Tuesday night, artist/musician Brian Butler assisted by Twilight: New Moon actress Noot Seear, and actor Henry Hopper was supposed to invoke Bartzabel, the forceful spirit of Mars into to the body of actor/hipster/ James Franco at L&M Gallery to celebrate “For The Martian Chronicles” exhibit, honoring the work of sci-fi author Ray Bradbury. But UPDATE: JAMES FRANCO MISSED HIS FLIGHT AND THERE WAS AN UNANNOUNCED STAND-IN, ACCORDING TO COMMENTS AFTER THIS WENT TO PRESS. We have revised this post to reflect this. According to L&M Gallery, Material Basis was performed by Christopher Emerson.
After banishing and evoking, Butler, dressed in a red robe, with his acolytes in white, bound the masked and blindfolded Franco (also in red) and then using a series of magickal chants, summoned the martial spirit of Bartzabel to enter Franco’s body and speak through the actor. The Bartzebel Working, as this is known, was first performed by Aleister Crowley in 1910, and later by Crowley follower, rocket scientists Jack Parsons who used the spirit of Bartzabel against L. Ron Hubbard after Hubbard had stolen money, a yacht, and Parson’s girl friend from the Jet Propulsion Lab co-founder (and the result is probably why we have Scientology).
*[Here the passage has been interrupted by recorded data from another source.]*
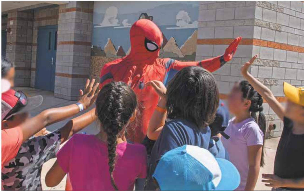
Spiderman giving high fives to everyone.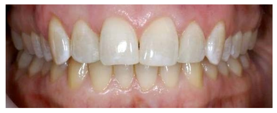
Figures 8 and 9: Post-treatment pictures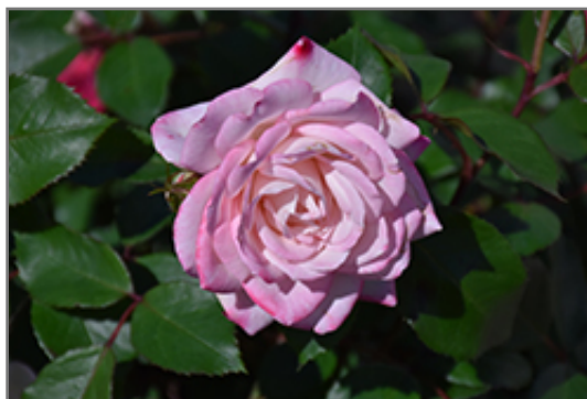
Lavender Crush&Trade; Rose flowers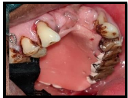
Fig. 5: Acrylic plate placed over the pack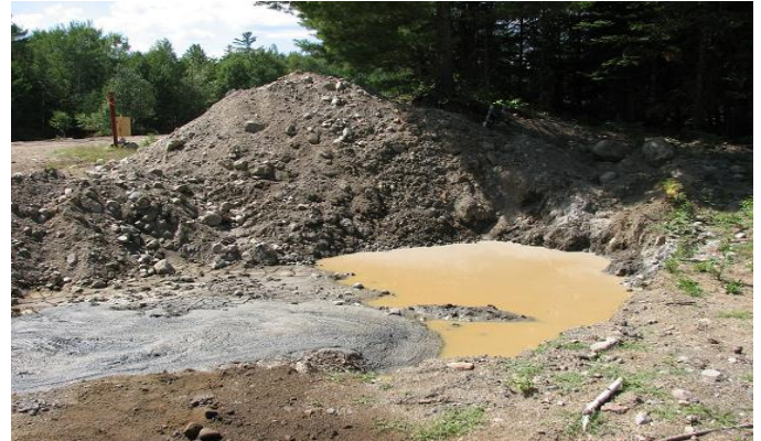
Mineral Exploration residue along the Kawishiwi River near the BWCAW

were originally purchased for watershed protection, thus halting open pit mining on USFS land as proposed by PolyMet.

In Crowley’s original working, the English arch magician called up Bartzabel to possess his friend poet Victor Neuberg. Crowley then buggered Neuberg/Bartzabel to show him who was boss. That part of ceremony was not performed Tuesday night. However, Franco did recite some of Neuberg’s original lines, which made me, and other occultists present, wonder if this wasn’t more of a performance piece than an actual magickal working. Add in that despite the act of invoking and drawing a magical circle, at the end of the ritual, there was no closing or banishing–kinda like sterilizing a jar, making jam, then leaving it unsealed in a toilet.
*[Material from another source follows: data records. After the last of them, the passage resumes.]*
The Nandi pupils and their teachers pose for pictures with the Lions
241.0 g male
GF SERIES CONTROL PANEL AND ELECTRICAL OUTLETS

On hand to witness the event: cool cat Pop Surrealist Anthony Ausgang; author Paul Koudounaris, PhD. who’s following up on his beautifully photographed and written book The Empire of Death: A Cultural History of Ossuaries and Charnel Houses with a new volume about jeweled skeletons; Velvet Hammer Burlesque founder Michelle Carr who has her own book about the seminal all-ages punk club Jabberjaw coming out soon; “For The Martian Chronicles” curator Yael Lipschutz; and Gagosian Gallery‘s Sonny Ruscha Bjornson, whose brother Eddie Ruscha was DJ’ing the event; plus a packed house of celeb gawkers, some Twihards, thrill seekers, and magical tourists.